== Exercise goal ==
Reproduce exactly the lines of the material beneath, from the line that contains "During a visit" to the line that contains "10. Для груди", both included, and no other lines.

== Available data ==
===

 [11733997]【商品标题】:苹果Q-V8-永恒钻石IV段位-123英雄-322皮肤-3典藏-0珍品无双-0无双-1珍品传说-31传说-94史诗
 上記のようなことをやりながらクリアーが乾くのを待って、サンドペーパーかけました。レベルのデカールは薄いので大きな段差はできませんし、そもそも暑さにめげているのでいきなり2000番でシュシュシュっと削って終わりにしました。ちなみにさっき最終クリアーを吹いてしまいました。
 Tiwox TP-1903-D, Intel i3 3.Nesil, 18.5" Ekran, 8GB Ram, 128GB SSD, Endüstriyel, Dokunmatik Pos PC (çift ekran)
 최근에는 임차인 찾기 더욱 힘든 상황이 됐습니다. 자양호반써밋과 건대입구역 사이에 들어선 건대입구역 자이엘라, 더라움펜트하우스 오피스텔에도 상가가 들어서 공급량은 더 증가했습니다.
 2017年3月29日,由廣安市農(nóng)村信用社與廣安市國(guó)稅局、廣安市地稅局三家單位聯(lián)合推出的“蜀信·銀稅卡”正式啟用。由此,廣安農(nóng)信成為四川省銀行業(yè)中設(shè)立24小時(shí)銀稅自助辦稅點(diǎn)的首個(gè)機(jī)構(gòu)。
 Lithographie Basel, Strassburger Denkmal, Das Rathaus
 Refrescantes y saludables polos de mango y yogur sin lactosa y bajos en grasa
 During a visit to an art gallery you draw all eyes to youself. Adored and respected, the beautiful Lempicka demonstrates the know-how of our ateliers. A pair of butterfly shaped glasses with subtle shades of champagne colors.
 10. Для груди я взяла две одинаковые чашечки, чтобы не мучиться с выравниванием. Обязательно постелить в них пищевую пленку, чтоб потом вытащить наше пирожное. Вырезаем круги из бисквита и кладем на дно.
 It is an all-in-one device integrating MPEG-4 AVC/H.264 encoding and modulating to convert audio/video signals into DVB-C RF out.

===

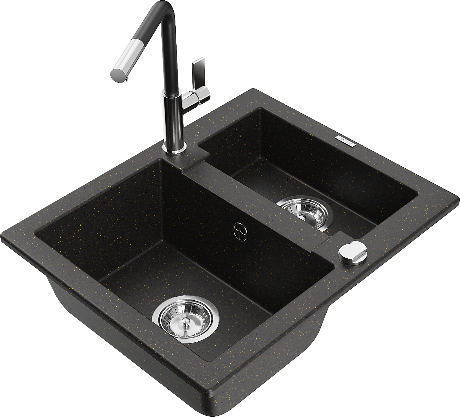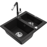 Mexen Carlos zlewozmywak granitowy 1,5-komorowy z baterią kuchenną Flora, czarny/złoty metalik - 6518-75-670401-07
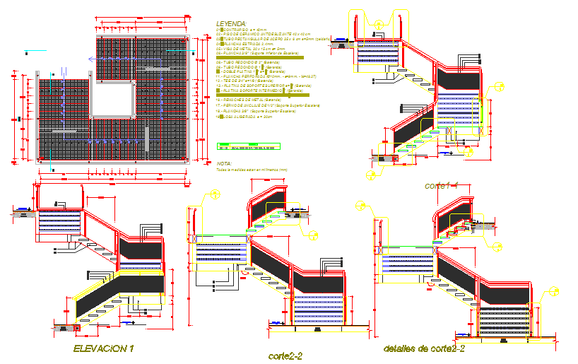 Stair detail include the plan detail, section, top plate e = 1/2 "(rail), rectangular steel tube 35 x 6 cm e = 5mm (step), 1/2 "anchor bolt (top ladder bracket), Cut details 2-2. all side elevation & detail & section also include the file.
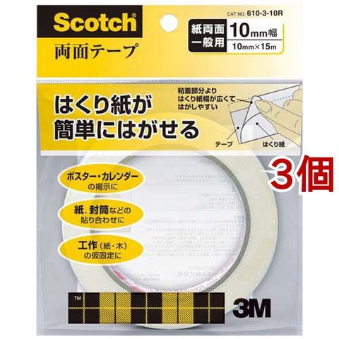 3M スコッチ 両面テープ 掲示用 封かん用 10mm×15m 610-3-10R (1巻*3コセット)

===

== Answer space ==
 During a visit to an art gallery you draw all eyes to youself. Adored and respected, the beautiful Lempicka demonstrates the know-how of our ateliers. A pair of butterfly shaped glasses with subtle shades of champagne colors.
 10. Для груди я взяла две одинаковые чашечки, чтобы не мучиться с выравниванием. Обязательно постелить в них пищевую пленку, чтоб потом вытащить наше пирожное. Вырезаем круги из бисквита и кладем на дно.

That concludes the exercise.